TASK TO CARRY OUT: Reproduce the data exactly and drop any pictures it holds.

Items listed in a dataset:
—————

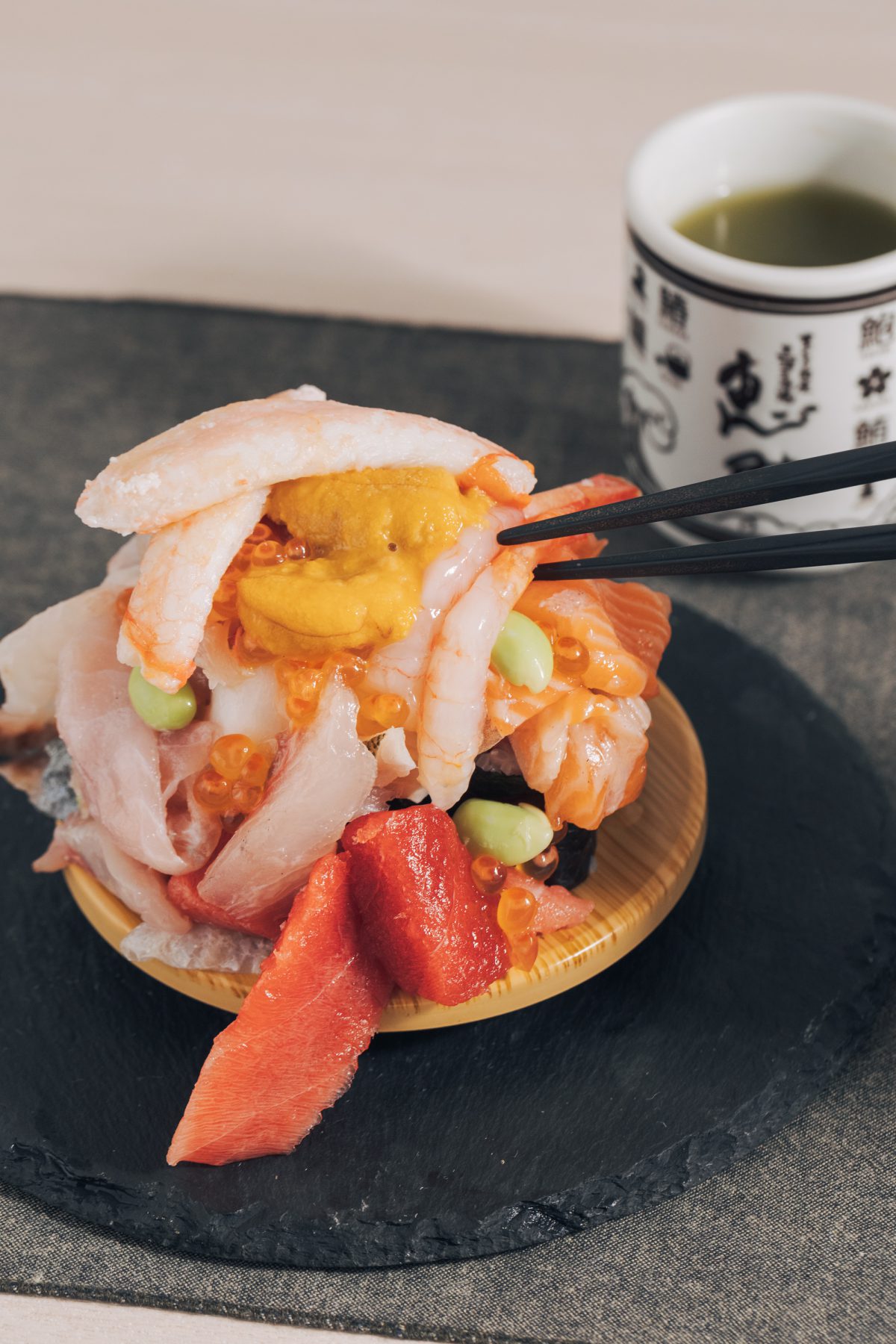 絶対美味しい!に決まっていますが、やはりこのメニューの“撮れ感”ポイントは、箸を入れるとこれでもかと言わんばかりに盛り付けられた海鮮たちが、崩れ落ちてくるその瞬間。
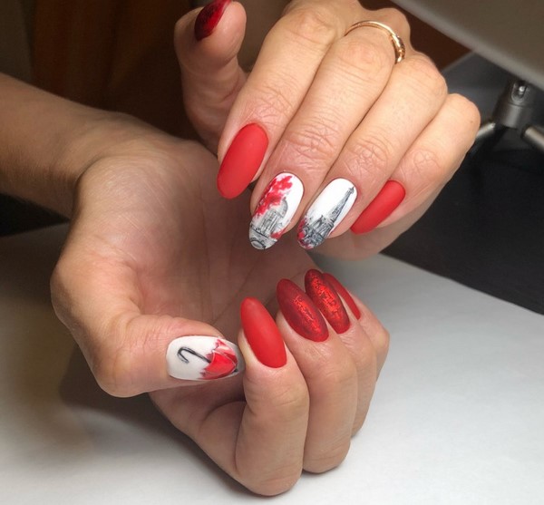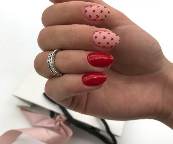 Крім сердечок на нігтях в дизайні манікюру на 14 лютого сміливо застосовуйте червоний колір гель лаку, матовий ефект і оксамитові пудрові ефекти, що в тандемі з романтичними принтами дозволять створити чудовий манікюр на День закоханих.
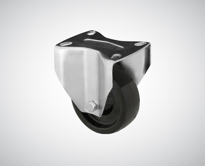 Zestaw kołowy wykonany z ocynkowanej blachy stalowej, koło z tworzywa termoodpornego. Mocowanie na płycie w głowicy stałej na łożysku kulkowym.
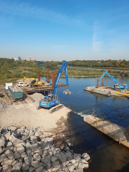 Eine besondere logistische Herausforderung war hierbei, dass das Baufeld aufgrund der Zufahrtsmöglichkeiten und der Schleusenbreiten nicht direkt mit den entsprechenden Pontons angefahren werden konnte. Somit musste der Trägerponton für den Raupenkran in zwei Teilen getrennt auf dem Wasserweg angeliefert und vor Ort zusammengebaut werden. Auch der Raupenkran musste auf dem Wasserweg in Einzelteilen angeliefert und vor Ort aufgebaut werden. Bei dem Versuch wurden zunächst in drei Wandabschnitten unterschiedlich lange Spundbohlen in die Gewässersohle gerüttelt. Die größten Profile waren 26 Meter lang, 1,4 Meter breit und etwa 25 Tonnen schwer. Diese Bohlen sollten dann möglichst 20 Meter in die Flusssohle eingebracht werden. Hierzu kam unter anderem eine 24 Tonnen schwere Vibrationsramme zum Einsatz. In zwei weiteren Feldern wurden die Versuche mit 24 und 18 Meter langen Profilen und einer Vibrationsramme mit 18 Tonnen Einsatzgewicht wiederholt. Um auch Vergleichswerte zwischen Vibrationstechnik und dem Einsatz eines Hydraulikhammers zu erhalten, wurde die gesamte Versuchsrei-he mit einem 16 und einem 26 Tonnen schweren Hydraulikhammer wiederholt. „Dabei werden die Spundbohlen nicht kontinuierlich wie mit einer Vibrationsramme in den Boden getrieben, sondern kontrolliert durch das Fallgewicht des Hammers im Boden versenkt“, erklärt Hesselink. Ohne den offiziellen Ergebnissen der Bundesanstalt für Wasserbau, welche den Versuch wissenschaftlich begleitet hat, vorzugreifen, konnte jedoch festgestellt werden, dass alle Profile mit den jeweiligen Geräten eingebracht werden konnten und, dass sowohl die Erschütterungen als auch die Lärmbelästigung deutlich unter dem erwarteten Level lagen.
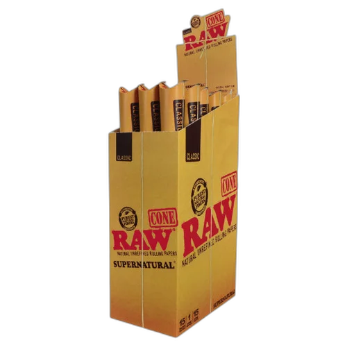 Wholesale/Products/RAW® - Classic Unrefined Pre-Roll Cone Supernatural Size - Display of 15 (MSRP $5.00ea)
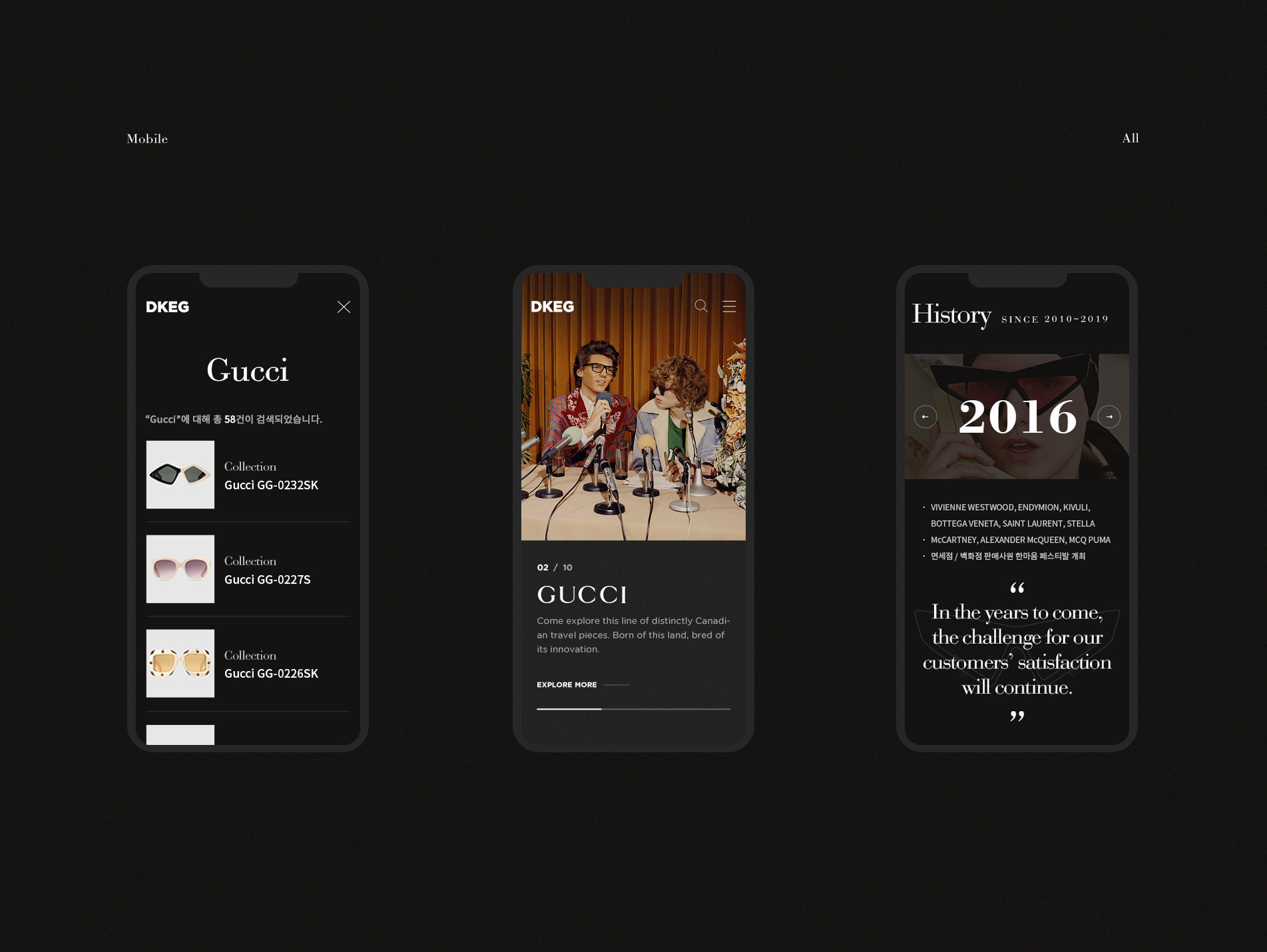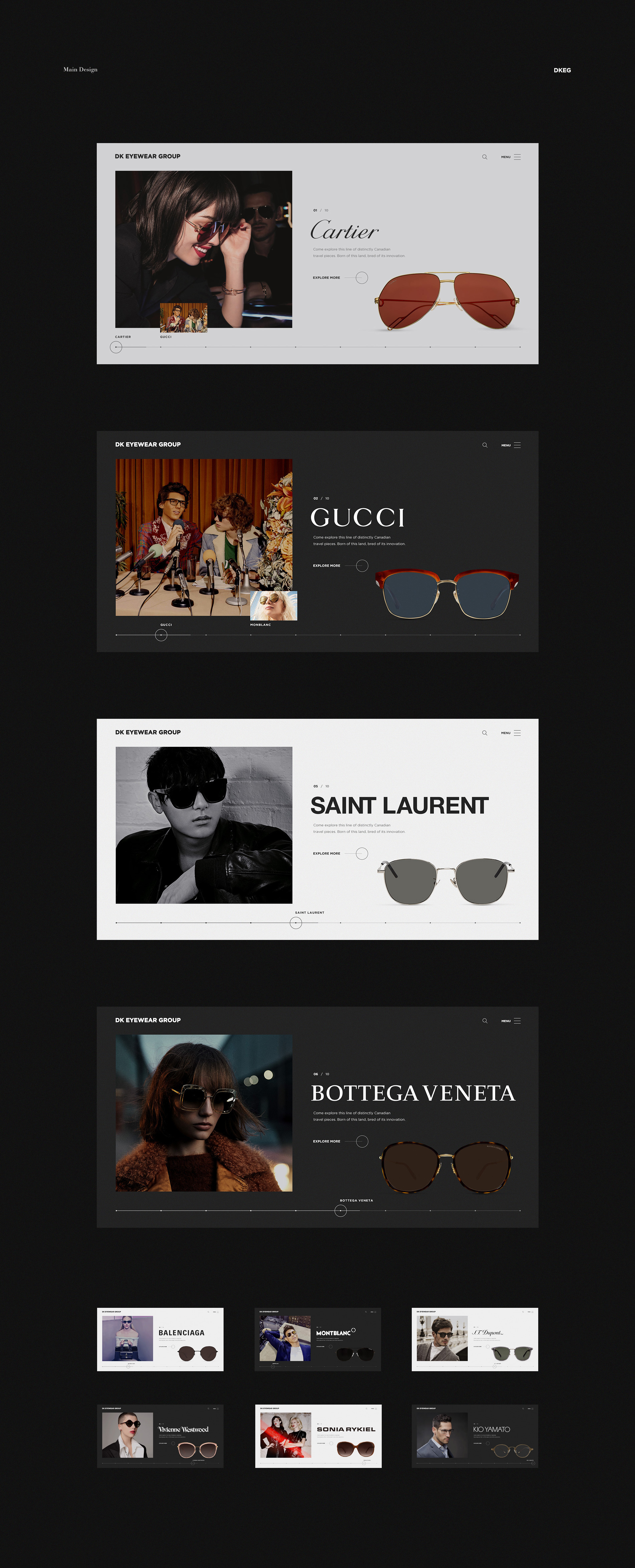 메인은 가로형 원스크롤 방식의 대담하고 시원한 레이아웃을 사용하였고, 충분한 여백을 표현 할 수 있는 넓은 그리드를 사용하였습니다. 원스크롤 방식을 통해 사용자들이 브랜드 하나하나에 집중할 수 있도록 하였고, 손쉽고 빠르게 정보를 알 수 있도록 하였습니다.
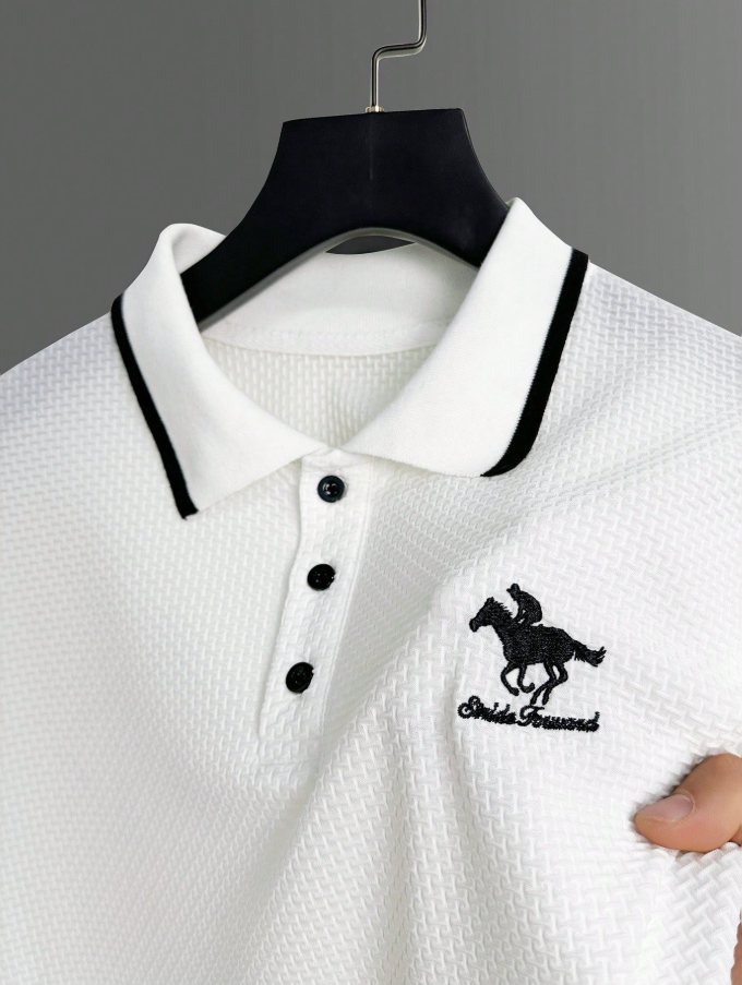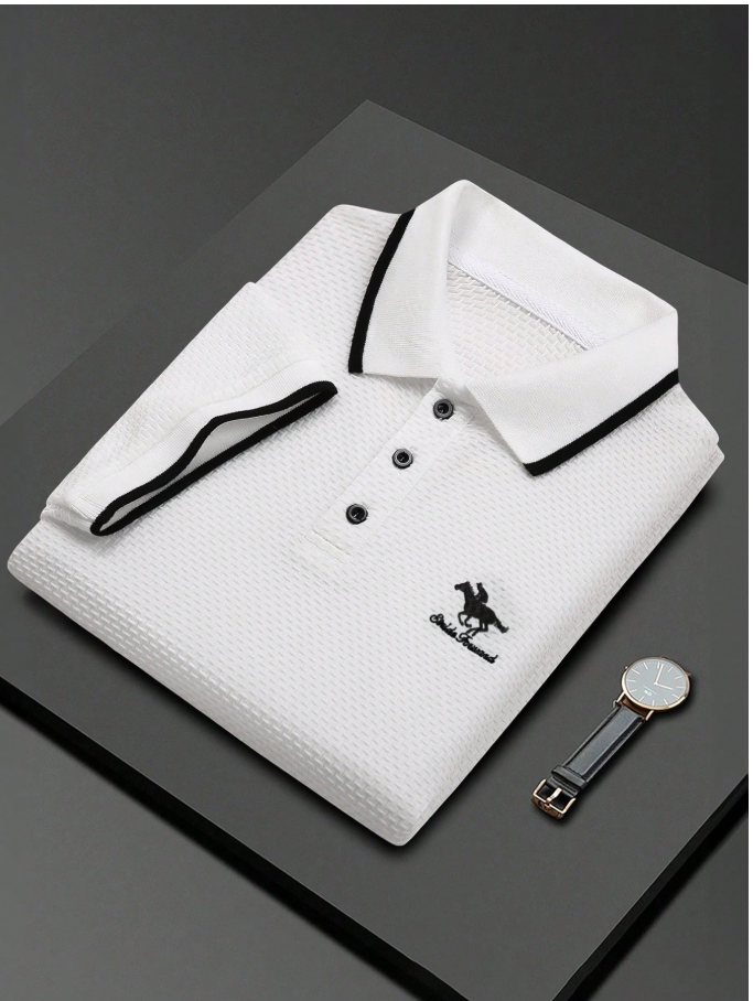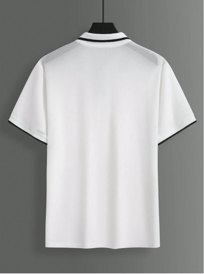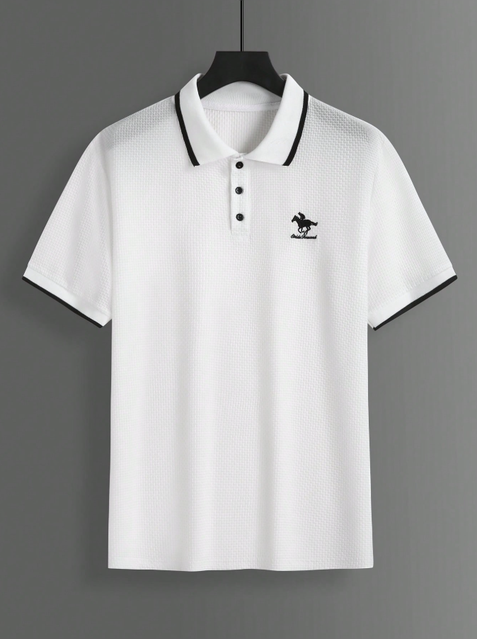 Manfinity Mode Men’s Textured Embroidered Button Ribbed Short Sleeve Casual Polo Shirt College Style Pattern Polo Men White Polo Men Polo Shirts For Men Collar Mens Golf Shirt Rodeo Shirt,Daily Leisure, Weekend Trips

—————

EXERCISE ANSWER:
 絶対美味しい!に決まっていますが、やはりこのメニューの“撮れ感”ポイントは、箸を入れるとこれでもかと言わんばかりに盛り付けられた海鮮たちが、崩れ落ちてくるその瞬間。
 Крім сердечок на нігтях в дизайні манікюру на 14 лютого сміливо застосовуйте червоний колір гель лаку, матовий ефект і оксамитові пудрові ефекти, що в тандемі з романтичними принтами дозволять створити чудовий манікюр на День закоханих.
 Zestaw kołowy wykonany z ocynkowanej blachy stalowej, koło z tworzywa termoodpornego. Mocowanie na płycie w głowicy stałej na łożysku kulkowym.
 Eine besondere logistische Herausforderung war hierbei, dass das Baufeld aufgrund der Zufahrtsmöglichkeiten und der Schleusenbreiten nicht direkt mit den entsprechenden Pontons angefahren werden konnte. Somit musste der Trägerponton für den Raupenkran in zwei Teilen getrennt auf dem Wasserweg angeliefert und vor Ort zusammengebaut werden. Auch der Raupenkran musste auf dem Wasserweg in Einzelteilen angeliefert und vor Ort aufgebaut werden. Bei dem Versuch wurden zunächst in drei Wandabschnitten unterschiedlich lange Spundbohlen in die Gewässersohle gerüttelt. Die größten Profile waren 26 Meter lang, 1,4 Meter breit und etwa 25 Tonnen schwer. Diese Bohlen sollten dann möglichst 20 Meter in die Flusssohle eingebracht werden. Hierzu kam unter anderem eine 24 Tonnen schwere Vibrationsramme zum Einsatz. In zwei weiteren Feldern wurden die Versuche mit 24 und 18 Meter langen Profilen und einer Vibrationsramme mit 18 Tonnen Einsatzgewicht wiederholt. Um auch Vergleichswerte zwischen Vibrationstechnik und dem Einsatz eines Hydraulikhammers zu erhalten, wurde die gesamte Versuchsrei-he mit einem 16 und einem 26 Tonnen schweren Hydraulikhammer wiederholt. „Dabei werden die Spundbohlen nicht kontinuierlich wie mit einer Vibrationsramme in den Boden getrieben, sondern kontrolliert durch das Fallgewicht des Hammers im Boden versenkt“, erklärt Hesselink. Ohne den offiziellen Ergebnissen der Bundesanstalt für Wasserbau, welche den Versuch wissenschaftlich begleitet hat, vorzugreifen, konnte jedoch festgestellt werden, dass alle Profile mit den jeweiligen Geräten eingebracht werden konnten und, dass sowohl die Erschütterungen als auch die Lärmbelästigung deutlich unter dem erwarteten Level lagen.
 Wholesale/Products/RAW® - Classic Unrefined Pre-Roll Cone Supernatural Size - Display of 15 (MSRP $5.00ea)
 메인은 가로형 원스크롤 방식의 대담하고 시원한 레이아웃을 사용하였고, 충분한 여백을 표현 할 수 있는 넓은 그리드를 사용하였습니다. 원스크롤 방식을 통해 사용자들이 브랜드 하나하나에 집중할 수 있도록 하였고, 손쉽고 빠르게 정보를 알 수 있도록 하였습니다.
 Manfinity Mode Men’s Textured Embroidered Button Ribbed Short Sleeve Casual Polo Shirt College Style Pattern Polo Men White Polo Men Polo Shirts For Men Collar Mens Golf Shirt Rodeo Shirt,Daily Leisure, Weekend Trips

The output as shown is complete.